Vaccination is one of the transformative advances of the last century, allowing prevention of infection with a single dose. However, vaccines for diseases that continue to challenge public health must induce immune responses that are not only potent, but that exhibit tunable features such as polarizing responses toward cell- mediated or antibody-mediated immunity, promoting immunological memory over effector response, or directing immune cells to target tissue. Adjuvants could help deliver this control by activating specific immune pathways, or sets of pathways, that define how antigens are responded to. Toll-like receptor agonists (TLRas), for example, are a growing class of adjuvants that activate stimulatory pathogen-sensing pathways triggered by molecular patterns uncommon in humans, but common in pathogens. Many new studies confirm multifunctional or combination adjuvants able to activate several TLR pathways drive synergistic responses pre-clinically and clinically. However, adjuvant design has historically been dominated by empirical approaches. Thus, new strategies that simplify vaccine composition and create modular platforms for delivery of multiple adjuvants could generate insight into how adjuvants control the nature of immune function, individually or in concert. Biomaterials hold great potential along these lines because these materials offer the ability to deliver multiple cargos. However, many materials ? polymer particles, for example ? exhibit intrinsic features that can activate inflammatory pathways even in the absence of other immune cues. This feature can be harnessed in vaccination, but also hinders rational design because the role of each vaccine component is clouded by the intrinsic effects of the carrier. Materials that offer features of biomaterials ? such as co-delivery ? but that improve the modularity and definition of vaccines could provide new knowledge of how combination adjuvants polarize immunity and inform the design of a new generation of vaccines that elicit tunable responses. Toward this goal, we designed a new class of vaccine based on polyelectrolyte multilayers (PEMs) assembled entirely from immune signals.
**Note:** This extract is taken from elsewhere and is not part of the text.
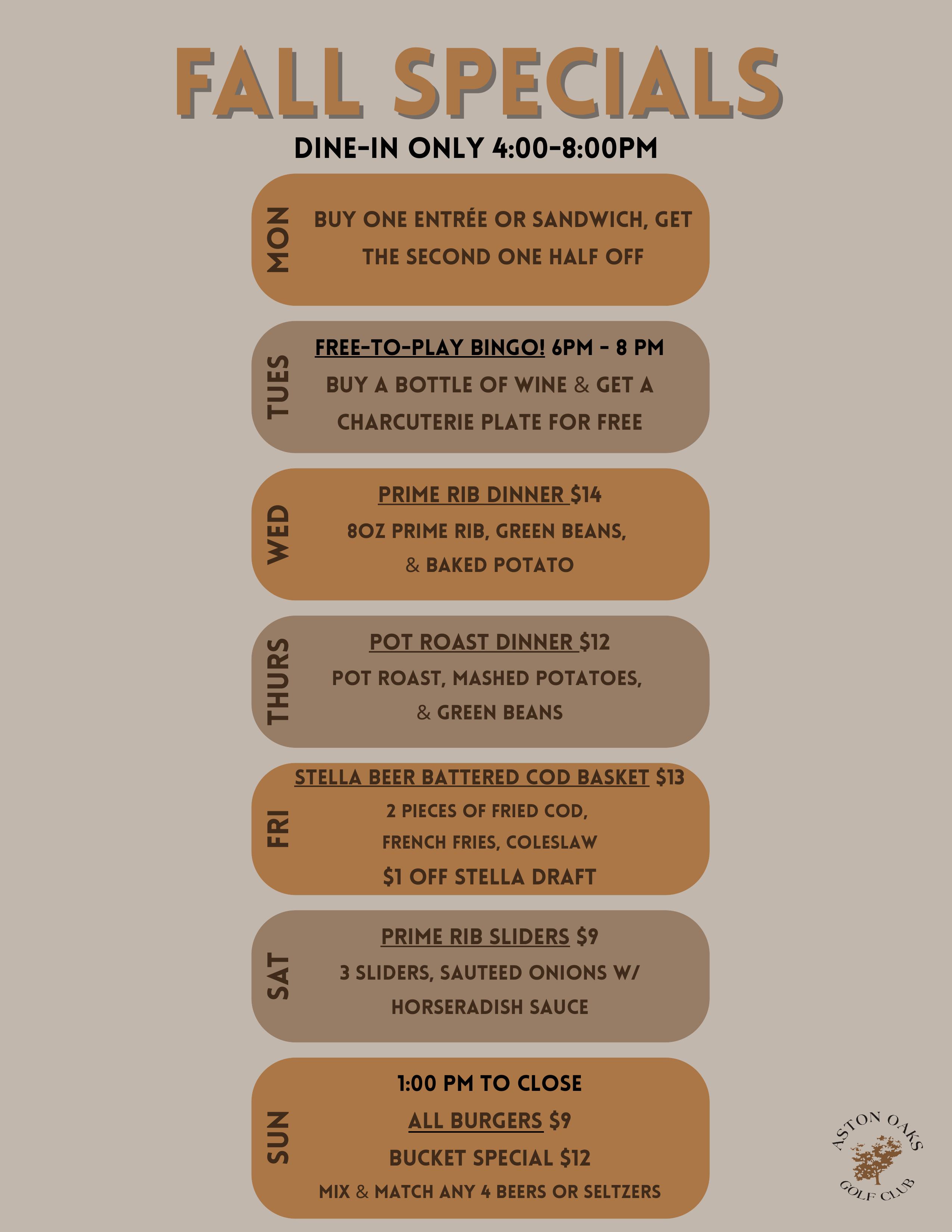 The OakLeaf Restaurant has an extensive American menu that offers a variety of delicious appetizers, sandwiches, and entrees. The charming dining room, bar area, and covered patio that overlooks the scenic 9th fairway is open to the public 7 days a week for lunch and dinner. The OakLeaf is family friendly and accepts reservations. Large parties are always welcome, and catering or carryout is just a phone call away: (513) 467-0070 ext. 3. Download our menus below.

These immune-PEMs (iPEMs) are electrostatically self-assembled from peptide antigens and polyionic TLRas that serve as molecular adjuvants. In this project we will test the hypothesis that juxtaposition of antigens and TLRas in iPEMs can be used to program specific features of antigen-specific immunity.
The specific aims are: 1) test if TLRa composition in iPEM correlates to in vitro TLR signaling & polarizes DC/T cell function, 2) test if iPEMs polarize T and B cell function depending on TLRas type and composition in iPEMs, 3) determine how iPEM composition drives local reorganization of LNs & changes in T cell migration, 4) use melanoma as a test bed to assess the efficacy of iPEMs as a function of TLRa combination. Importantly, we will benchmark these materials against potent biomaterial vaccines carriers, and against clinically-relevant adjuvants. Our work will generate new knowledge of how the juxtaposition and combination of antigens and adjuvants promote and polarize immunity, contributing new insight to support more rational vaccine design strategies.
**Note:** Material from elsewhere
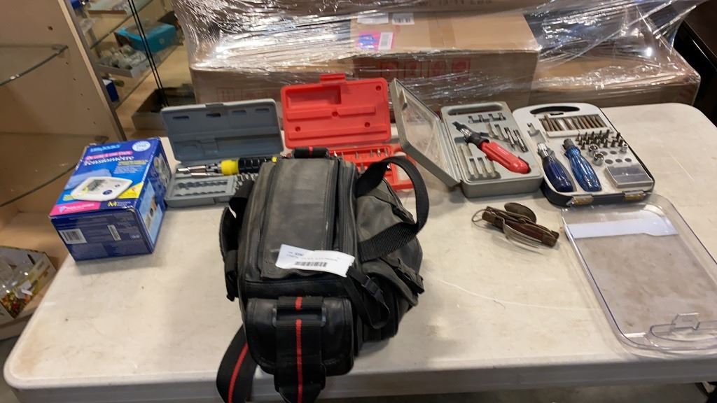 4 PARTIAL TOOL SETS, BLOOD PRESSURE MONITOR AND PANASONIC HANDYCAM

Vaccines could play a transformative role in preventing and treating diseases ranging from infectious pathogens to cancer because these technologies harness the specificity of the immune system to clear pathogens without targeting the body's own cells. To realize these goals, new understanding of adjuvants ? molecules added to vaccines to enhance function ? is needed to support design of next-generation vaccines that elicit responses tailored for specific diseases. This project will combine natural biomaterials to create a simple nanotechnology platform that reveals how combination adjuvants work together, and how these powerful materials can be designed to elicit specific immune responses.